Furthermore, Rule 7.2(c) prohibits an attorney from providing "...anything of value to a person for recommending the lawyer's services." Presumably the attorney's payment for legal services rendered in the representation of the corporation is completely separate from any recommendations made to borrowers. However, if the attorney gives anything of value in order to be on the referral list, such as discounted fees or extra time, the attorney violates Rule 7.2(c). See SC Bar Ethics Op. 93-04 (holding that attorney's involvement with the creation of the organization and its maintenance constituted value). The attorney must also consider the effect of the recommendation on the choice of the borrower. In SC Bar Ethics Op. 90-36 the Committee found that a highway patrol officer's attorney recommendations violated Rule 7.1(b) because it may create "an unjustified expectation about results the lawyer can achieve since the [officer's] opinion may be highly regarded." Likewise a borrower in this instance may be influenced by both the corporation's recommendation and the knowledge that the attorney serves the corporation in other capacities.

Question 2
Because the Committee cannot consider a proposed disclosure, the question regarding the disclosure of the wife's interest is answered generally. There is a possible conflict of interest under Rule 1.8 because the attorney's wife may gain financially from the closing of loans performed by the attorney. The attorney has a duty to make sure that all transactions are fair and reasonable to his client. The Advisory Committee held, given sufficient disclosure, the conflict of interest when the attorney is sole shareholder may be waived with knowledgeable client consent. The same would be true when the wife is the shareholder. SC Bar Ethics Op. 96-04. However, there is a duty to disclose this financial interest and obtain consent from the client. See SC Bar Ethics Op. 83-13 (holding that an attorney who is also a shareholder must disclose that interest to the client).

Rule 1.8(I) governs the possible conflict of interest arising from marital relationships of the attorney and requires the consent of the client when the spouse personally represents a party with directly adverse interests. By the use of the term "personally," the rule excludes the wife in the present situation because she does not personally represent the brokerage corporation. However, full disclosure is still advisable "...in any situation where a client or potential client might question the loyalty of the lawyer representing him, [and] the situation should be fully explained to the client and the question of acceptance or continuance of employment left to the client for decision." SC Bar Ethics Op. 93-18 (quoting ABA Formal Opinion 340).

Regarding the scope of disclosure, Rule 1.7(b) and Rule 1.8(c) both require consultation with and the consent of the client when there is a possibility that an interest may adversely affect the representation of the client.
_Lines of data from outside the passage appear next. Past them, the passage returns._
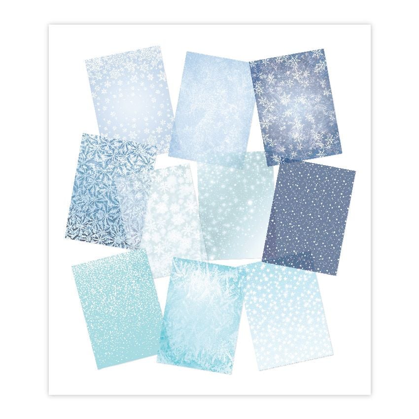CONTAINING 10 SHEETS OF SNOWFLAKE/WINTER EFFECTS, HIGH QUALITY A5 VELLUM SHEETS IN VARIOUS SHADES OF BLUE, YOU CAN CREATE BEAUTIFUL BACKGROUNDS, FRAMES, 3D FLOWERS, GIFT TAGS, MINI ENVELOPES, BANNERS, BORDERS AND SO MUCH MORE!
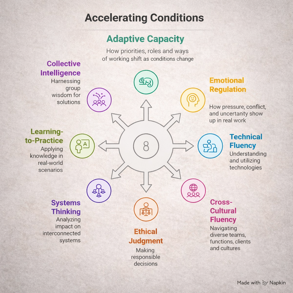When these conditions are intentionally designed and reinforced, organizations strengthen execution, reduce AI implementation risk, and absorb complexity without performance degradation.
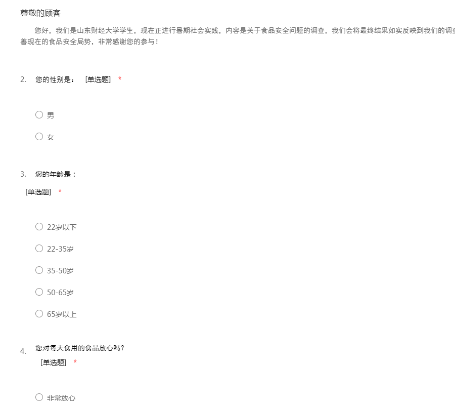 您好,我们是山东财经大学学生,现在正进行暑期社会实践,内容是关于食品安全问题的调查,我们会将最终结果如实反映到我们的调查论文中,并提出相应建议,希望能够改善现在的食品安全局势,非常感谢您的参与!
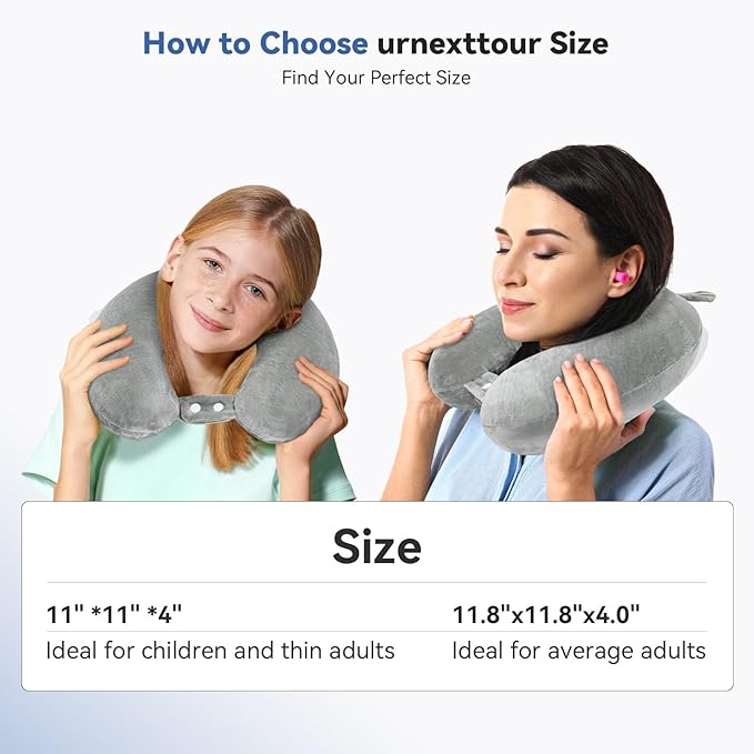 - Upgraded Memory Foam: The travel pillow is filled with superior quality upgraded memory foam. Our cloud-like memory foam filling features 3-second rebound technology and evenly distributes pressure at the point of contact with the pillow for ultimate head and neck relaxation and maximum comfort on the trip. Fit for children and thin adults while traveling.
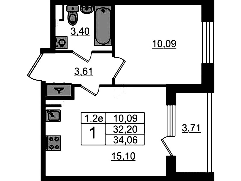 - Площадь32,2 м2
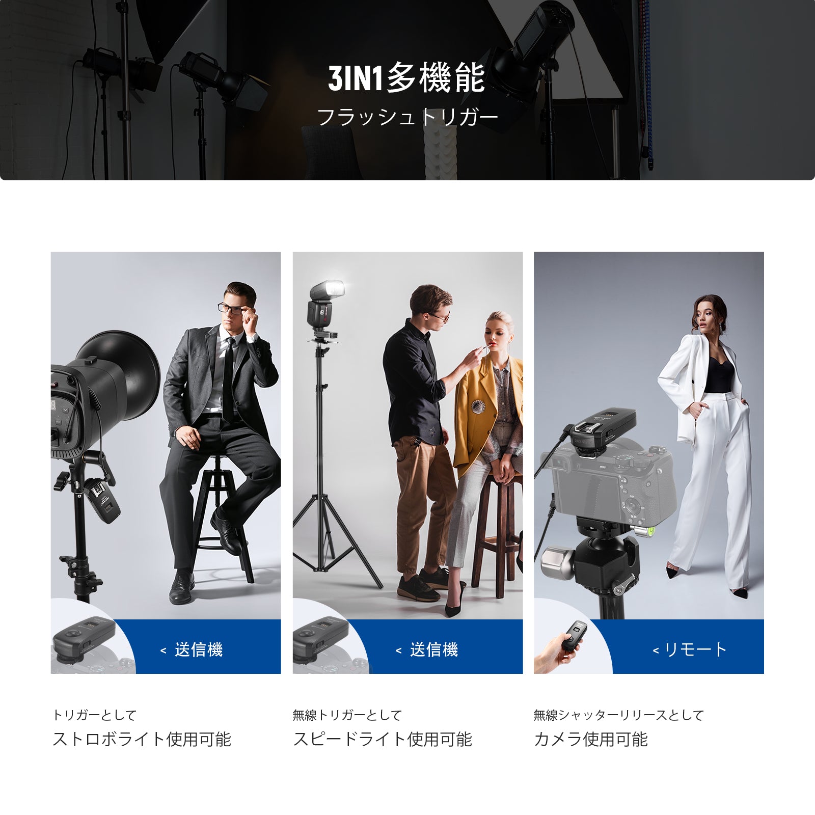 - 【3in1多機能フラッシュトランスミッター】リモートフラッシュトリガートランスミッターは、(1)NEEWER S101-300W S101-400W S101-400W PRO Q300フラッシュなどの無線シンクロトリガースタジオストロボフラッシュとして使用できます。(2)無線トリガースピードライトフラッシュとして使用できます。(3)無線カメラシャッターリリースとしても使用可能です。
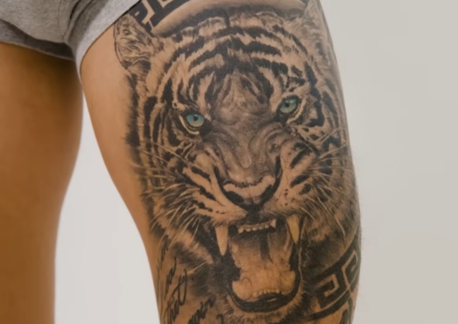 太ももには虎のタトゥーが入っており、これは萩原選手のお気に入りだそうです。虎の近くには文字が刻まれていますが、これは総合格闘家コナー・マクレガーの言葉を引用したもの。
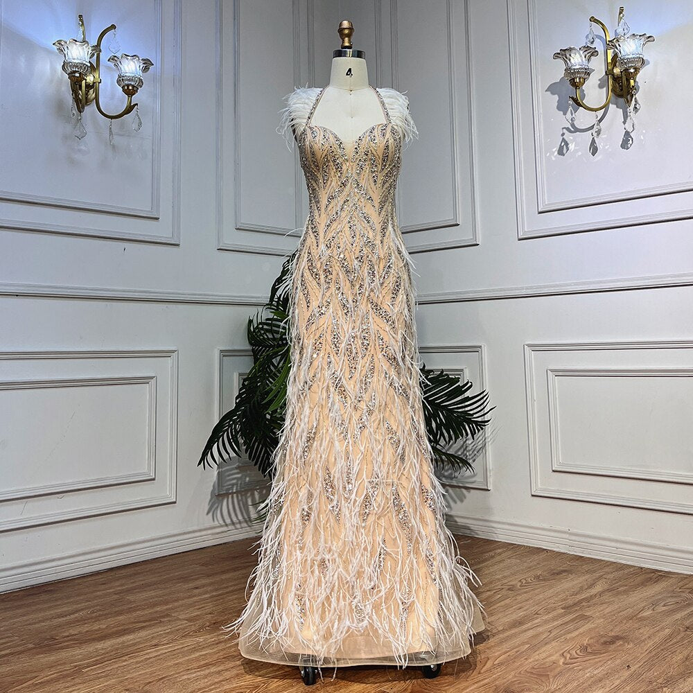 Vestidos de noche de sirena con tirantes finos, de lujo, con plumas y cuentas, estilo Dubái, para mujer, para boda, 2025, LA72010
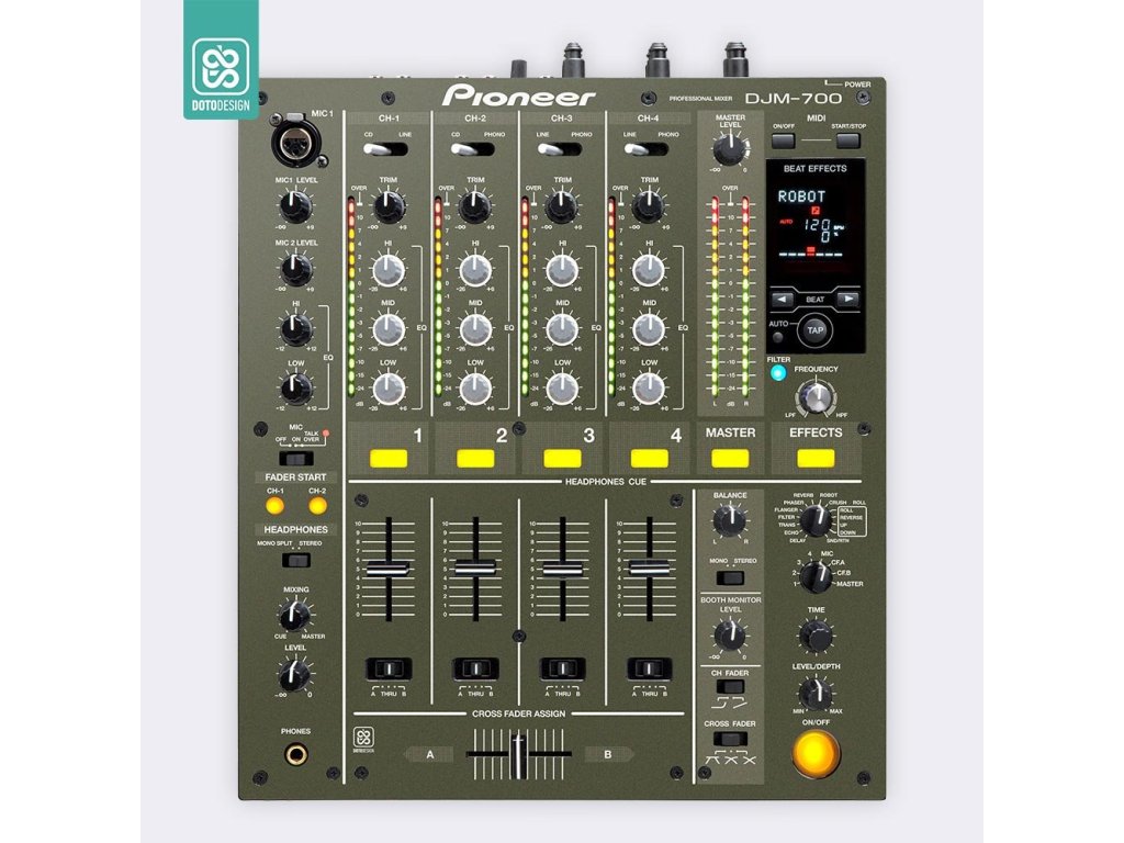 Naklejka na mikser Pioneer DJM-700 w wersji FULL COLORS, kolor army green (wojskowa zieleń).
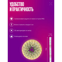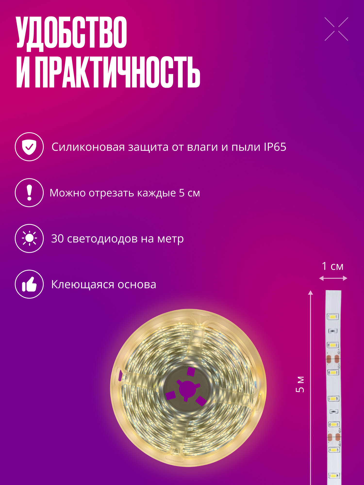 Светодиодная лента 5 м с сенсорным диммером и влагозащитой, одноцветная, теплый белый свет 3000K, 60 Вт: сравнение цен, характеристики, фото, актуальное наличие и цены.

Complete and effective disclosure requires "disclosure of all material, relevant facts and circumstances which, in the judgement of a lawyer of ordinary skill and capacity, are necessary to enable his client to give informed consent." Bankers Trust of South Carolina v. Bruce, 323 S.E.2d 523, 530 (S.C.App. 1984).

Question 3
If an attorney can serve as closing counsel for a borrower where she or he is the sole officer or shareholder of a mortgage brokerage by complying with the procedure set forth in Ethics Op. 96-04, then there is obviously no ethics problem with an attorney being an officer or shareholder of such a corporation when he does not close loans for borrowers. No compliance with the holding in Ethics Op. 96-04 is necessary. There is no ethics problem per se in an attorney being an officer or shareholder of a corporation.